Why I said the F-word during dinner last night

Most evenings, Tim and I eat late -- a product, mostly, of accomodating mealtimes to his evening teaching schedule.

So last night, we're watching Law and Order, and most of my anticipation is to see what Keir Dullea looks like these days -- I'm wondering how the artifical aging of "Dave" in 1968's 2001: A Space Odyssey matches up with time's handiwork.

This is why I am taken completely by surprise when I learn, during a commercial break, that next fall, there will be a television show that has the same title as my new book. Spontaneously, out comes the most famous of all F-words.

And here I thought I'd just have to deal with freakishly devoted Robert Louis Stevenson fans.

I will live with it. But after what happened with Bones, and the bizarre circumstance of a screenwriter retitling a script for Nine as Bloodlines, I'm really starting to wonder....

10 comments:

Kent Morgan said...

Jan, I suspect Tim may have heard that word before in a hockey dressing room.

Sandra Ruttan said...

I've said it before, I'll say it again.

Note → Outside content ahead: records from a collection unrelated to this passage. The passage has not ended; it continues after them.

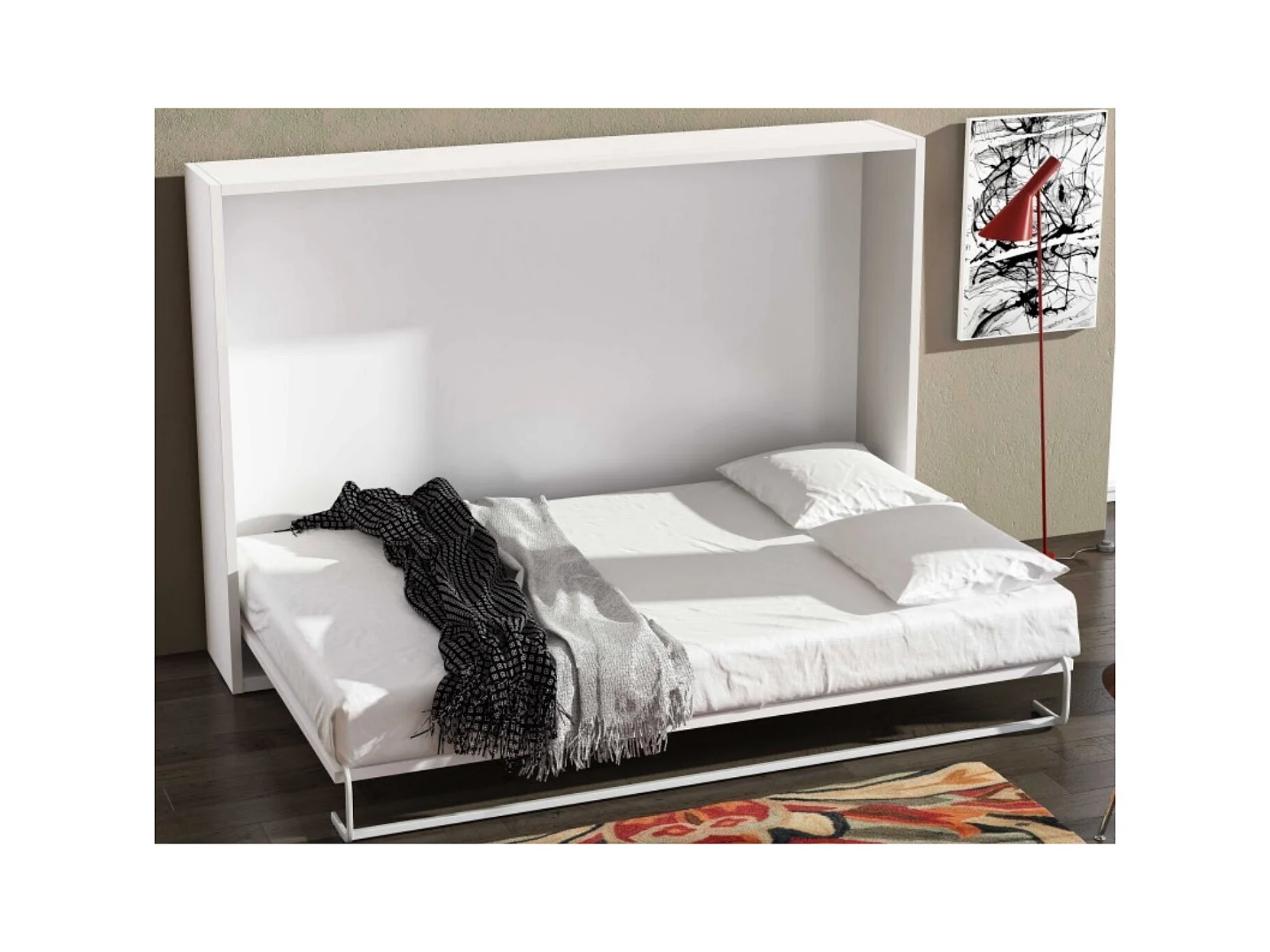 Lit escamotable horizontal OPTIMA-140x180-Cadre Blanc-Façade Blanche
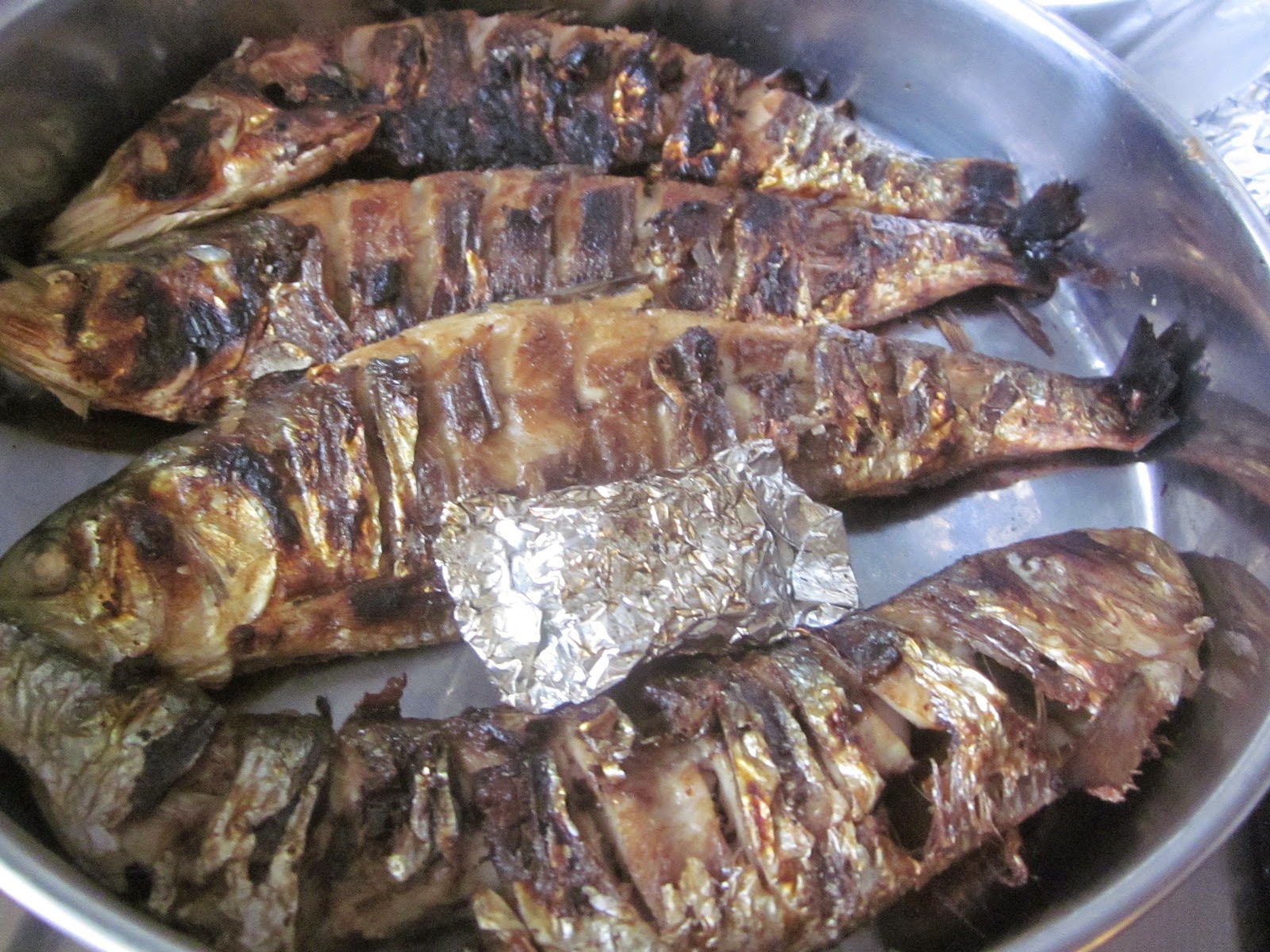 Peșetele se curăță de sarea în exces, apoi se crestează pe toată suprafața lui, asta ca să se prăjească și oasele bine :d, se coace pe grătar.
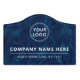 Custom sign with customizable business name and company logo on a printed dark blue marbled background. You can change fonts and font colors with the design tool.
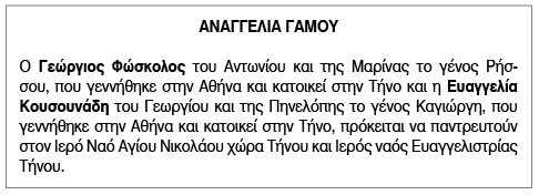 Αναγγελία Γάμου Γεώργιου Φώσκολου και Ευαγγελίας Κουσουνάδη Κείμενο Βλέπε εικόνα. Αριθμός Φύλλου: 5704 Κατηγορία: Αναγγελία Γάμου
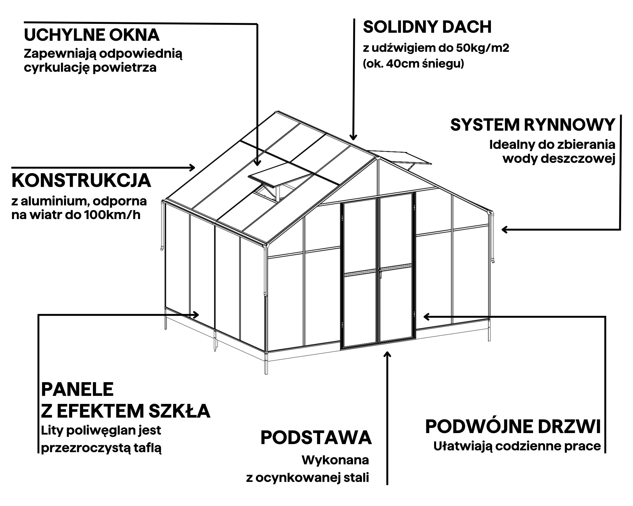 - Niezawodna wytrzymałość w trudnych warunkach – odporność na podmuchy wiatru do 100 km/h oraz obciążenie śniegiem do 50 kg/m² (około 40 cm warstwy śniegu).
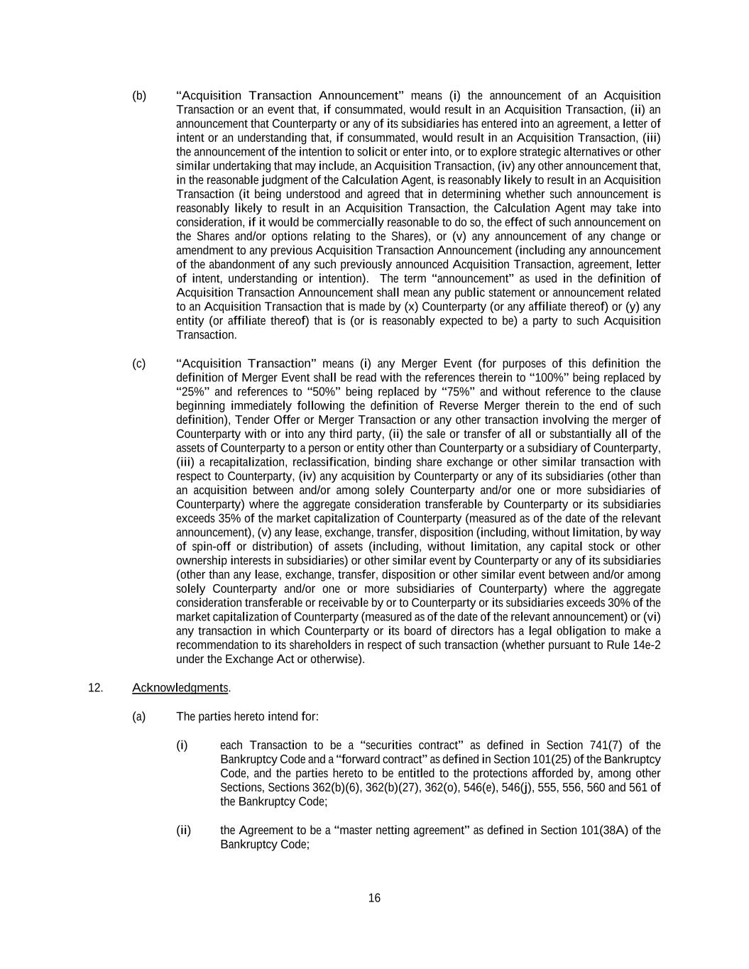 16 (b) “Acquisition Transaction Announcement” means (i) the announcement of an Acquisition Transaction or an event that, if consummated, would result in an Acquisition Transaction, (ii) an announcement that Counterparty or any of its subsidiaries has entered into an agreement, a letter of intent or an understanding that, if consummated, would result in an Acquisition Transaction, (iii) the announcement of the intention to solicit or enter into, or to explore strategic alternatives or other similar undertaking that may include, an Acquisition Transaction, (iv) any other announcement that, in the reasonable judgment of the Calculation Agent, is reasonably likely to result in an Acquisition Transaction (it being understood and agreed that in determining whether such announcement is reasonably likely to result in an Acquisition Transaction, the Calculation Agent may take into consideration, if it would be commercially reasonable to do so, the effect of such announcement on the Shares and/or options relating to the Shares), or (v) any announcement of any change or amendment to any previous Acquisition Transaction Announcement (including any announcement of the abandonment of any such previously announced Acquisition Transaction, agreement, letter of intent, understanding or intention). The term “announcement” as used in the definition of Acquisition Transaction Announcement shall mean any public statement or announcement related to an Acquisition Transaction that is made by (x) Counterparty (or any affiliate thereof) or (y) any entity (or affiliate thereof) that is (or is reasonably expected to be) a party to such Acquisition Transaction. (c) “Acquisition Transaction” means (i) any Merger Event (for purposes of this definition the definition of Merger Event shall be read with the references therein to “100%” being replaced by “25%” and references to “50%” being replaced by “75%” and without reference to the clause beginning immediately following the definition of Reverse Merger therein to the end of such definition), Tender Offer or Merger Transaction or any other transaction involving the merger of Counterparty with or into any third party, (ii) the sale or transfer of all or substantially all of the assets of Counterparty to a person or entity other than Counterparty or a subsidiary of Counterparty, (iii) a recapitalization, reclassification, binding share exchange or other similar transaction with respect to Counterparty, (iv) any acquisition by Counterparty or any of its subsidiaries (other than an acquisition between and/or among solely Counterparty and/or one or more subsidiaries of Counterparty) where the aggregate consideration transferable by Counterparty or its subsidiaries exceeds 35% of the market capitalization of Counterparty (measured as of the date of the relevant announcement), (v) any lease, exchange, transfer, disposition (including, without limitation, by way of spin-off or distribution) of assets (including, without limitation, any capital stock or other ownership interests in subsidiaries) or other similar event by Counterparty or any of its subsidiaries (other than any lease, exchange, transfer, disposition or other similar event between and/or among solely Counterparty and/or one or more subsidiaries of Counterparty) where the aggregate consideration transferable or receivable by or to Counterparty or its subsidiaries exceeds 30% of the market capitalization of Counterparty (measured as of the date of the relevant announcement) or (vi) any transaction in which Counterparty or its board of directors has a legal obligation to make a recommendation to its shareholders in respect of such transaction (whether pursuant to Rule 14e-2 under the Exchange Act or otherwise). 12. Acknowledgments. (a) The parties hereto intend for: (i) each Transaction to be a “securities contract” as defined in Section 741(7) of the Bankruptcy Code and a “forward contract” as defined in Section 101(25) of the Bankruptcy Code, and the parties hereto to be entitled to the protections afforded by, among other Sections, Sections 362(b)(6), 362(b)(27), 362(o), 546(e), 546(j), 555, 556, 560 and 561 of the Bankruptcy Code; (ii) the Agreement to be a “master netting agreement” as defined in Section 101(38A) of the Bankruptcy Code;
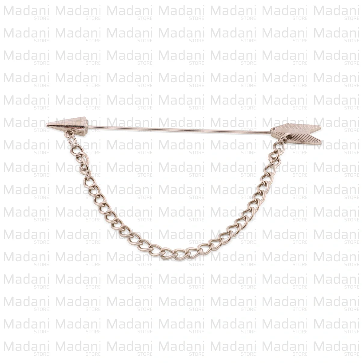 سنجاق سینه و روسری (گل سینه) زنجیردار طرح تیر (پیکان) نقرهای
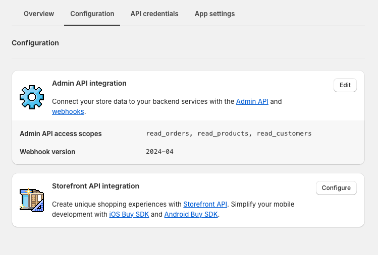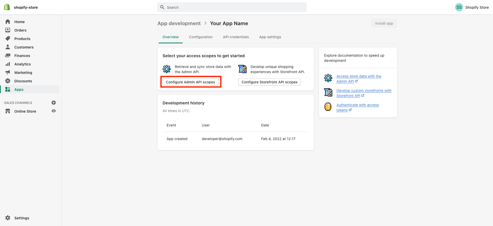 1.7 Depois, clica em "Configure Admin API scopes" para configurar a integração da Admin API
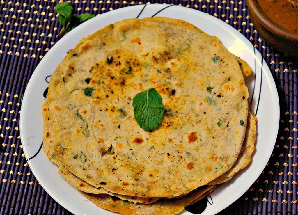 ಮಾಡುವ ವಿಧಾನ : ಪುದೀನಾ ಎಲೆಗಳನ್ನು ಸಣ್ಣದಾಗಿ ಹೆಚ್ಚಿಡಿ. ಒಂದು ಬೇಸನ್ನಿಗೆ ಮುಕ್ಕಾಲು ಭಾಗ ಗೋಧಿಹಿಟ್ಟು, ಹೆಚ್ಚಿದ ಪುದೀನಾ, ಶುಂಠಿ, ಮೆಣಸಿನಕಾಯಿ ಪೇಸ್ಟ್ ಉಪ್ಪು ಸೇರಿಸಿ ಅಗತ್ಯಕ್ಕೆ ತಕ್ಕಂತೆ ನೀರು ಹಾಕಿ ಚಪಾತಿ ಹಿಟ್ಟಿನ ಹದಕ್ಕೆ ಕಲೆಸಿಡಿ. ಇದಕ್ಕೆ ತುಪ್ಪ ಸೇರಿಸಿ ನಾದಿಕೊಂಡು ಒಂದು ಗಂಟೆ ಕಾಲ ನೆನೆಯಲು ಇಡಿ. ಸಣ್ಣ ಉಂಡೆ ಮಾಡಿ ಲಟ್ಟಿಸಿಕೊಂಡು ಬಿಸಿಕಾವಲಿಗೆ ಹಾಕಿ ಎರಡು ಕಡೆ ಎಣ್ಣೆ ಹಾಕುತ್ತಾ ಪರೋಟ ತಯಾರಿಸಿ. ಅನಂತರ ಇದರ ಮೇಲೆ ಹೆಚ್ಚಿದ ಪುದಿನಾ ಉದುರಿಸಿ, ಸಲಾಡ್ ಜೊತೆ ಸವಿಯಲು ಕೊಡಿ.
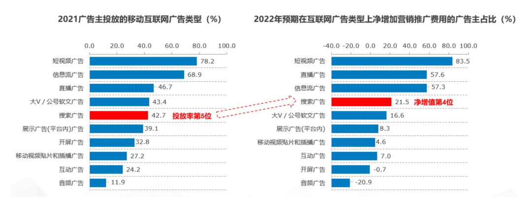 在这一背景下,行业普遍认为广告主在搜索上的预算会增加。据CTR发布的《2022年搜索营销预算趋势报告》数据,2021年移动互联网广告类型中,广告主在搜索广告的投放率位居第5位,2022年预期净增加搜索广告营销推广费用的广告主比例达21.5%。CTR认为2022年搜索广告将成为继短视频、直播、信息流广告之后的主要互联网广告投放类型。
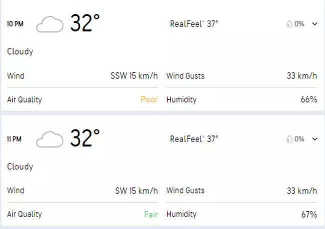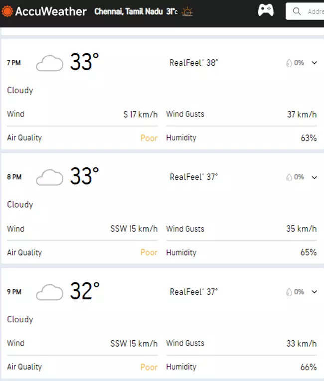 Sunday is expected to remain cloudy in Chennai with evening humidity exceeding 60% but 0% chance of rain as per AccuWeather's forecast.
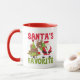 Niedliche, farbenfrohe Weihnachtsgestalterische Tasse mit rot-grünem Text, der den Favoriten des Weihnachtsmanns und den Weihnachtsmann, einen Weihnachtsbaum und ein Rentier, ausliest!
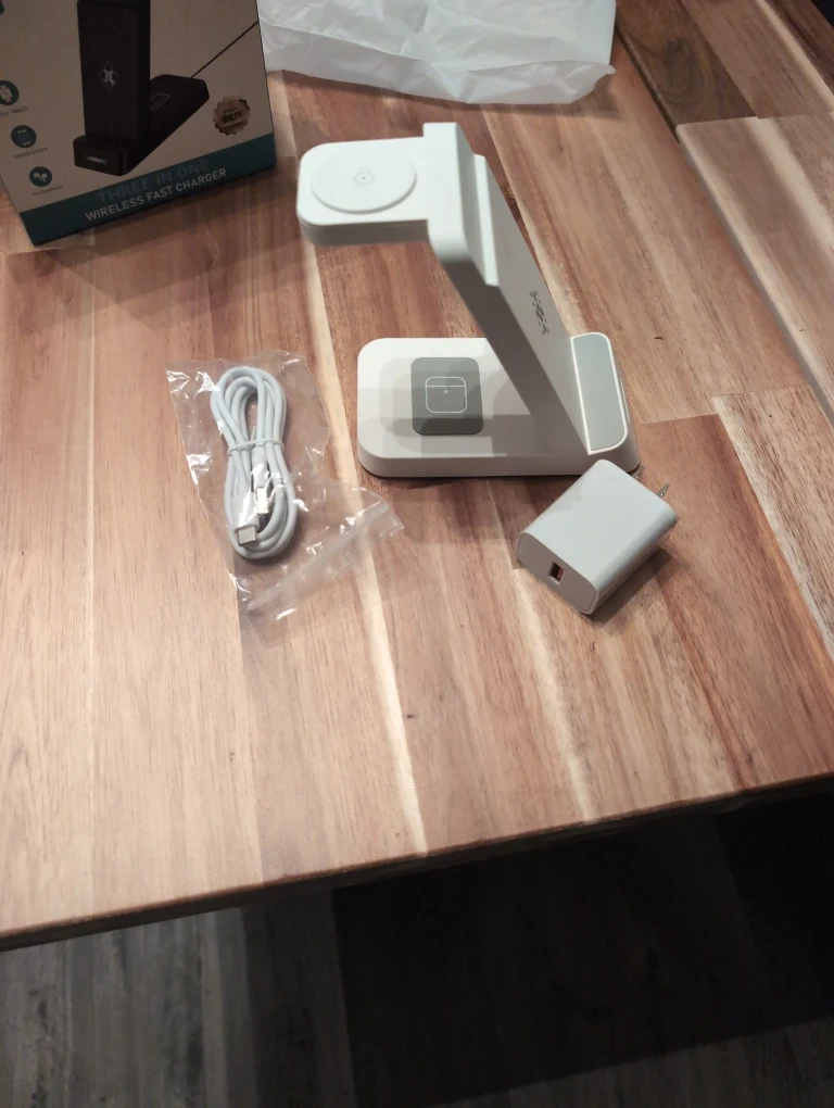 Selling a three-in-one wireless fast charger! It's the B-20 model and can charge your watch, mobile phone, and earphones. It comes with the box and all components, including the charger itself.
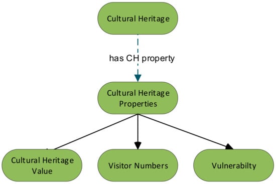 Cultural Heritage has properties contained in Cultural Heritage Properties (Figure 8). To this point, the ontology distinguishes Vulnerability, Cultural Heritage Value and Visitor Numbers. Vulnerability and Cultural Heritage Value are introduced for the determination of Risk, which quantifies possible threats to the cultural heritage. The HERACLES project employs the total economic value analysis for the value assessment of a CH. The economic value is stored as Cultural Heritage Value. This class again contains both Direct Economic Value and Indirect Economic Value. Direct Economic Value describes the economic value created by admission charges or other sources of directly generated profit. The latter describes the economic effect by an enhanced community image, leading to, for example, positive tourism effects and social interaction. A further cultural heritage property is the vulnerability of a cultural heritage to an Effect. The vulnerability to a specific hazard is expressed by the likelihood of an actual damage occurring during the occurrence of an event. This likelihood can be calculated for the whole asset or for discrete sections of the CH. Visitor Numbers is the key performance indicator for the number of persons visiting the asset.
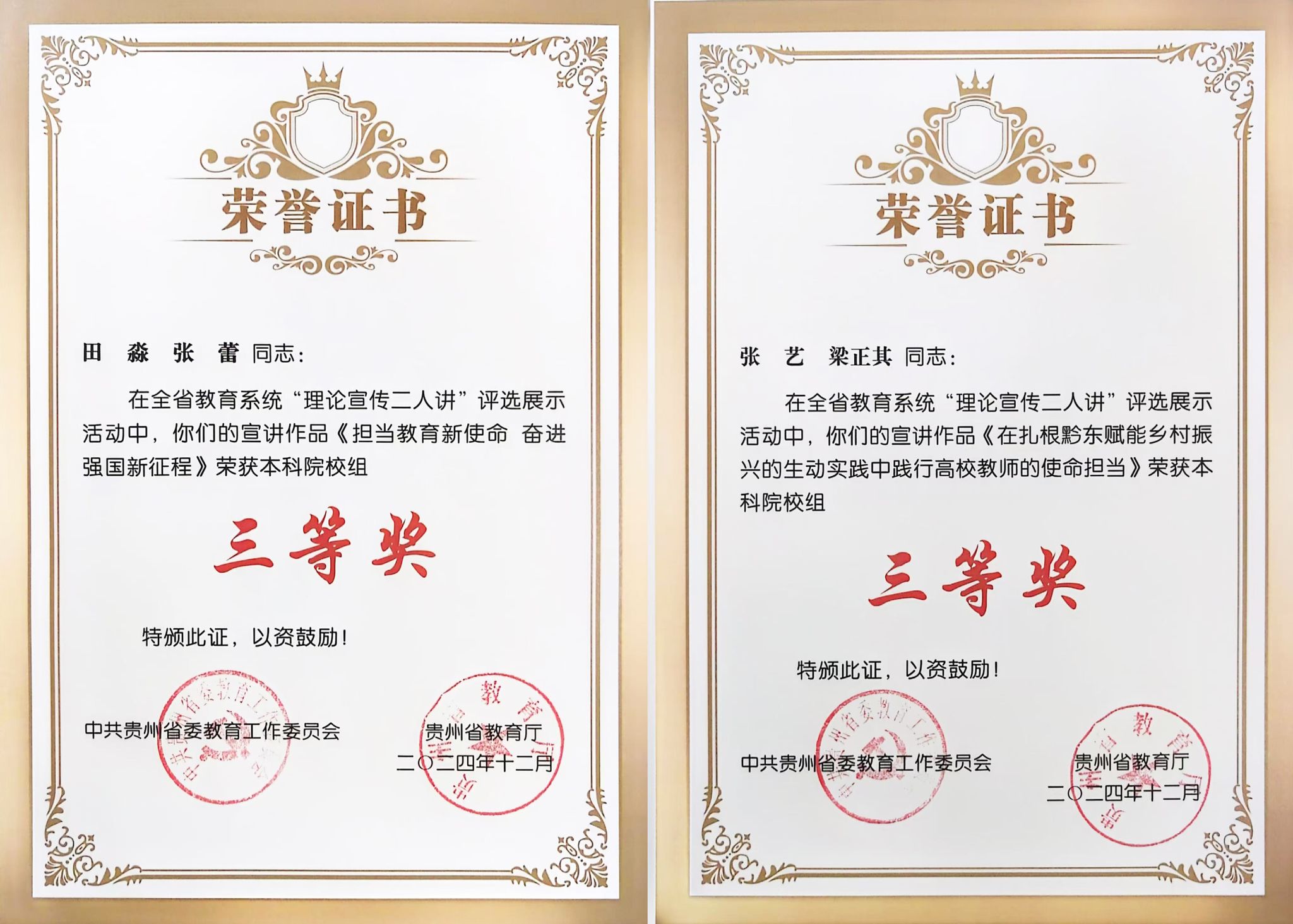 全省教育系统“理论宣传二人讲”评选展示活动获奖证书
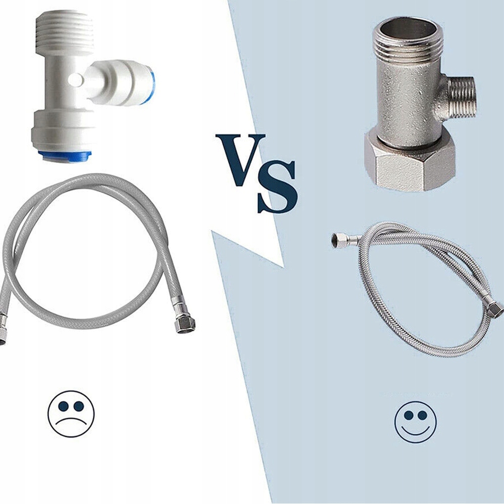 ⭐Шаг 4. Отсоедините оригинальный нержавеющий шланг. Шланг со стальной оплеткой, установите адаптер 3T и подсоедините шланг горячей воды из полиуретана к шлангу холодной воды со стальной оплеткой 1*.

Titles suck.

Anyone can steal them, imitate them, whatever.

Maybe a bunch of people will like the show, and thinking your book is tied to it, buy the book and become devoted fans? One can hope, right?

Jan said...

Kent, Tim assures me that use of the F-word is more prevalent on the ice, and is used in giving advice to the opposing players. Can this be true?

(Remembering that the first time I saw a pro game, a gentleman in the stands was knocked out cold by a puck shot into the stands during the team warm-up. The advice to the injured man from the people sitting just behind me? "Keep your f--king eyes open!")

Jan said...

Sandra, my hope at this point is that the show isn't ludicrous. Which is wrong thinking on my part, because that would probably make it a huge hit.

Laura said...

Jan,

I just found that Lily Shaara, one of THE Shaaras, is publishing a novel called Every Secret Thing. Granted, the title is not original to me. It was used on a well-received memoir. And No Good Deeds isn't original, either. (Well, the "s" is original.)

But as someone who published In Big Trouble the same month that Dave Barry published Big Trouble, I know that this is all survivable.

Jan said...

Laura, I will reflect on these things. And admit that I had to Google "Shaara." Yeah, felt like an idiot, but I did admit early on that I don't get out much.

aaron21 said...

Talking about Fox's new show? Most likely it won't even last a season. Fox and drama shows..heck anything not instant cash cow doesn't really stay on. Just how Fox is. Why they always have had the Reality tv shows to put Jerry Springer to shame.

So I wouldn't really worry about it. But, from what I hear it's going to be a pretty wierd, strange tv show. I don't know. I don't watch FOX so I won't be watching.

Not since they got rid of Tru Calling. Just don't sweat it.

Jan said...

Okay, Aaron. Good advice in any case!

aaron21 said...

There is also 15 tv shows with cop's and such themes on tv. That is Basic and Extended and Movie channels *Showtime and HBO*. So the likely hood of it surviving is slim. Especially, sincei t's on FOX. If it was FX I'd say something different.

Jan Burke said...

So what do you like to watch on FX, Aaron?